- **Exercise input**:
=== Begin Enclosure ===
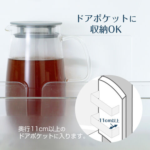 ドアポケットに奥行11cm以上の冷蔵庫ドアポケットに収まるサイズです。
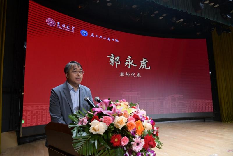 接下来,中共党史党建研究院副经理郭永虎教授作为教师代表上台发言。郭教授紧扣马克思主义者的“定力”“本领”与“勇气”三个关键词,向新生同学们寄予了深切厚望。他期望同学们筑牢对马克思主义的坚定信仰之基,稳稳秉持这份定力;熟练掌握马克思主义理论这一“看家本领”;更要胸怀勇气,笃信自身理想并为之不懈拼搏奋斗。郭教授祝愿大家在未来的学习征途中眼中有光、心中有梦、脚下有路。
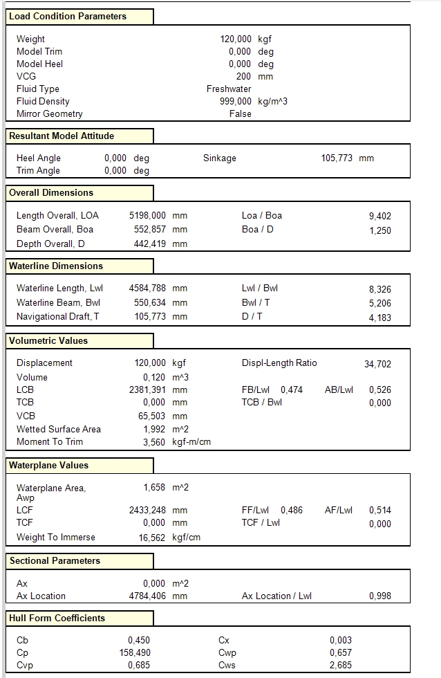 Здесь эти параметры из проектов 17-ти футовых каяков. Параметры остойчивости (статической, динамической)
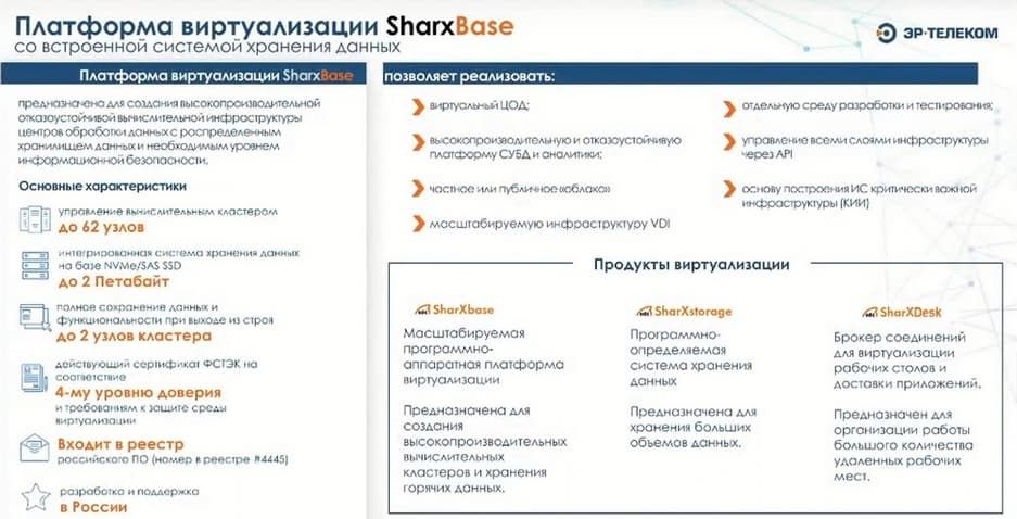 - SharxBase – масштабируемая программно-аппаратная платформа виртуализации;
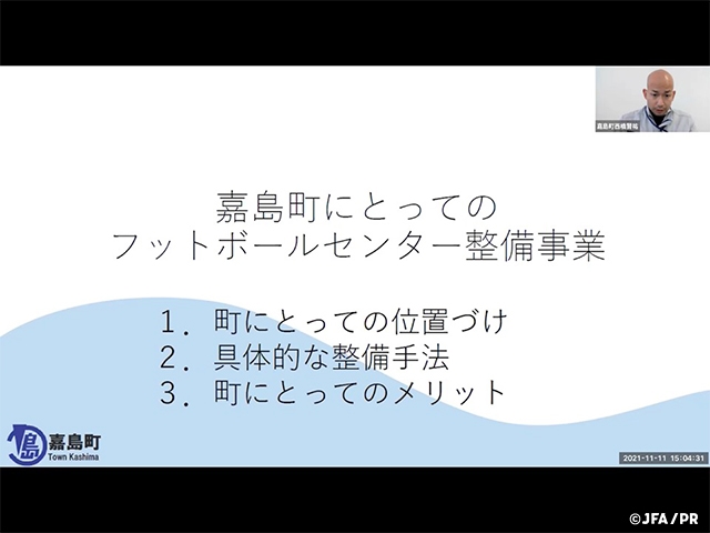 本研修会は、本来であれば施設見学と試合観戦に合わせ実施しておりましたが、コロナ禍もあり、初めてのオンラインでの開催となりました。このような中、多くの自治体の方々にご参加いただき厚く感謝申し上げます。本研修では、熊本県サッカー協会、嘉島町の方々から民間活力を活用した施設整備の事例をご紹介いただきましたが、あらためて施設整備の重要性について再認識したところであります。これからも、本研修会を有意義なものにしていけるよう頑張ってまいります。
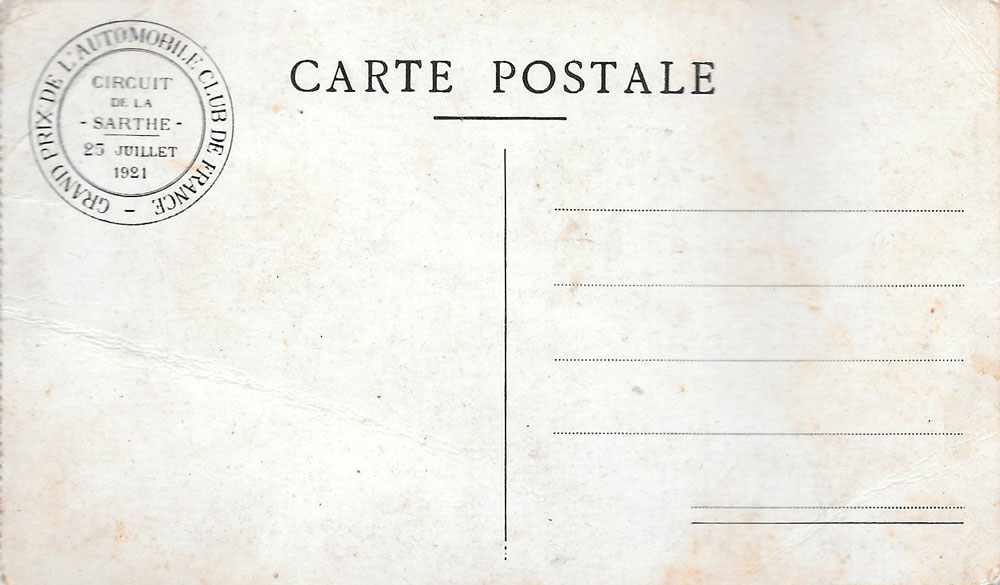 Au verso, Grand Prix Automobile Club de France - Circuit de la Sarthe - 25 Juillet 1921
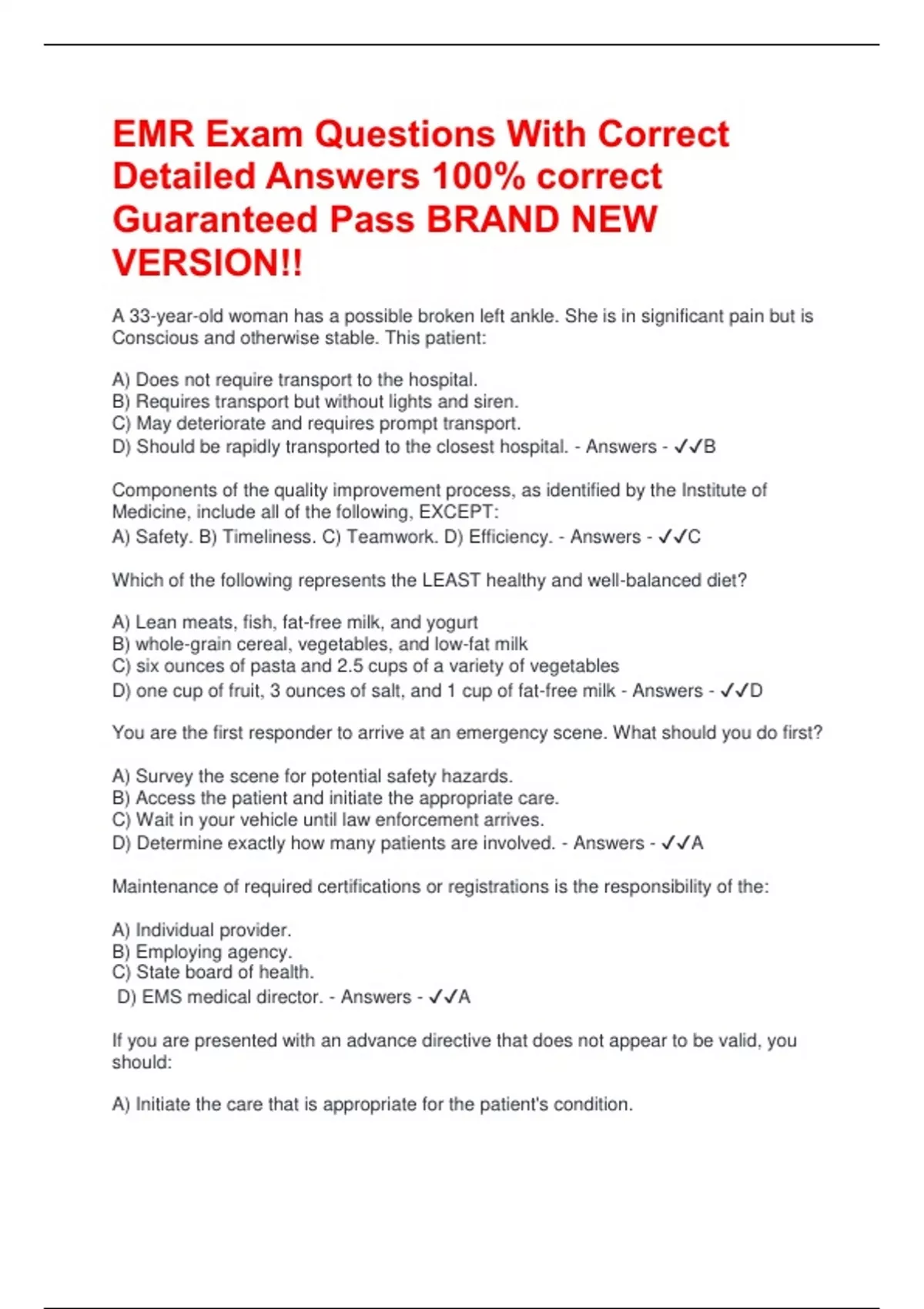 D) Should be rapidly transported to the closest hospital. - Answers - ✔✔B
=== End Enclosure ===
=== Begin Enclosure ===
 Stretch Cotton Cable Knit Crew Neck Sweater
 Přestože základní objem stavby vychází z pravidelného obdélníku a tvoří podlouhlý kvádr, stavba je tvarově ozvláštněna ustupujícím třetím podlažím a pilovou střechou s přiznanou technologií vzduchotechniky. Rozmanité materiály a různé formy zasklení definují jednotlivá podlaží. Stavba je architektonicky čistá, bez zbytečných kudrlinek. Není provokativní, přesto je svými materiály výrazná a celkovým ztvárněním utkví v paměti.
=== End Enclosure ===
- **Directions**:
Going by the data above, the answer is exactly the lines from the one holding "本研修会は、本来であれば施設" to the one holding "D) Should be", both kept, with the pictures left out.

- **Exercise solution**:
 本研修会は、本来であれば施設見学と試合観戦に合わせ実施しておりましたが、コロナ禍もあり、初めてのオンラインでの開催となりました。このような中、多くの自治体の方々にご参加いただき厚く感謝申し上げます。本研修では、熊本県サッカー協会、嘉島町の方々から民間活力を活用した施設整備の事例をご紹介いただきましたが、あらためて施設整備の重要性について再認識したところであります。これからも、本研修会を有意義なものにしていけるよう頑張ってまいります。
 Au verso, Grand Prix Automobile Club de France - Circuit de la Sarthe - 25 Juillet 1921
 D) Should be rapidly transported to the closest hospital. - Answers - ✔✔B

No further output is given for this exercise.